Check every line of the data for the string "para" and copy the ones that have it.

Material provided Start Marker

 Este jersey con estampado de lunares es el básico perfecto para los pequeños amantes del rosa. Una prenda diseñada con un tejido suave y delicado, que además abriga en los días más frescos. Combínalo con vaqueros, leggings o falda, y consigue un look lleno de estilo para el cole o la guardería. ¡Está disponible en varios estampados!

Material provided End Marker
Material provided Start Marker

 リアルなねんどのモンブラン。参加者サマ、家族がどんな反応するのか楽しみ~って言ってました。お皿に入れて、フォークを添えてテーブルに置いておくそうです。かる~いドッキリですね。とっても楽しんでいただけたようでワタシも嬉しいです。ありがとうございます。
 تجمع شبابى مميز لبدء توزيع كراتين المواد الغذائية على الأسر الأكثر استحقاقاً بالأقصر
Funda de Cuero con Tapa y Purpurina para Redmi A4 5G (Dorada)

Material provided End Marker
Material provided Start Marker

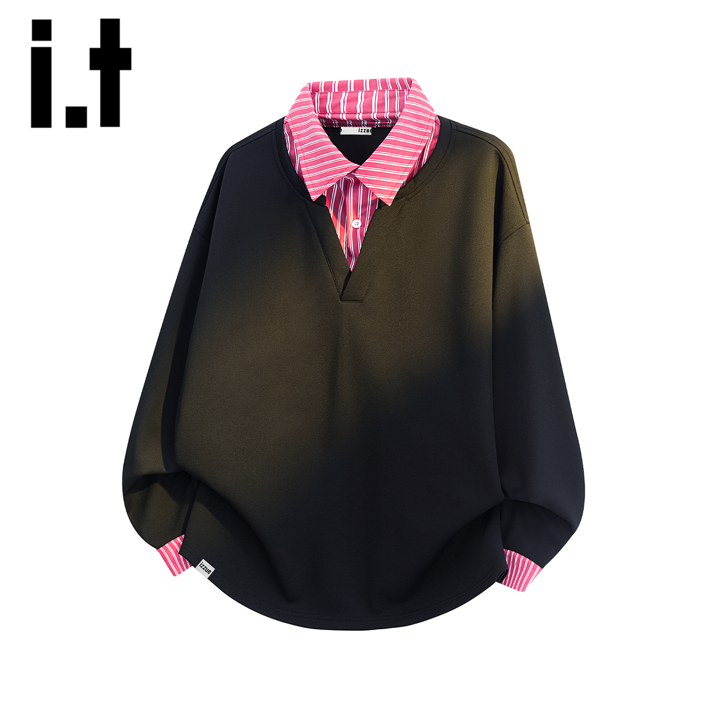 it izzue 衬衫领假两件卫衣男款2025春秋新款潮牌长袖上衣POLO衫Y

Material provided End Marker

- Result of the exercise:
 Este jersey con estampado de lunares es el básico perfecto para los pequeños amantes del rosa. Una prenda diseñada con un tejido suave y delicado, que además abriga en los días más frescos. Combínalo con vaqueros, leggings o falda, y consigue un look lleno de estilo para el cole o la guardería. ¡Está disponible en varios estampados!
Funda de Cuero con Tapa y Purpurina para Redmi A4 5G (Dorada)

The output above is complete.